AUSTIN —They are so sorry.
In the course of the primary campaign, and perhaps in a preview of the fall election drama, Senator Barack Obama has accepted the apologies of three United States senators, a former senator, CNN and various lower-level supporters of Senator Hillary Clinton.
Most of them have apologized for saying something insensitive about Obama’s race, his name, or his heritage. And the dynamic of outrage and offense this campaign has proved race to be a much touchier subject than gender. At times, Obama’s campaign has sought to downplay burgeoning outrage. At others, he’s stoked it for political advantage.
But most of the flaps ended the same way: With Obama forgiving the alleged offender. Sometimes he’s accepted the apologies graciously, sometimes sternly, but always in line with his message. And that message of reconciliation – often explicitly racial reconciliation – is a central part of his campaign’s appeal. With a general election that appears likely to open him to more Republican attacks, and more line-crossing, the campaign ritual of offense and forgiveness appears likely to be repeated often this year.
“There is no better way to appear magnanimous and above the fray than in gracefully accepting an apology,” said Chris Lehane, a California political consultant who supports Clinton. "In this case, it actually represents not only a chance to come off as a good and hale fellow, but to also drive his central message of being a unifier and a new kind of leader.”

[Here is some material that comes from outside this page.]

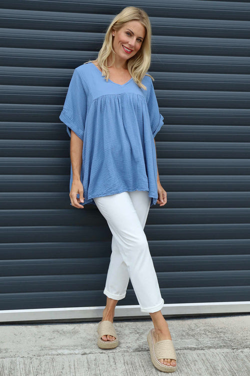 Ravello Crinkle Cotton Top Blue

The first apology of the cycle set the tone. On January 2, 2007, before Obama’s campaign formally began, CNN aired a story about the hunt for Osama Bin Laden that ran under the headline, “Where’s Obama?”
"We also want to apologize personally to Sen. Barack Obama,” CNN’s Wolf Blitzer said on air. “I'm going to be making a call to him later this morning to offer my personal apology."
The first Obama rival to stumble was Senator Joe Biden, who called Obama “clean” and “articulate” in an interview with a New York weekly days before he launched his campaign. The words struck some as racially charged, and Biden spent the first day of his campaign apologizing.
"I deeply regret any offense my remark in the New York Observer might have caused anyone,” Biden said.
"I didn't take Senator Biden's comments personally, but obviously they were historically inaccurate,” Obama responded.
Later that month, the Clinton campaign staged its first official apology, from South Carolina State Senator Robert Ford, who said Obama wouldn’t be able to win the White House because he is black.
Then, for months, the offenses and the apologies faded.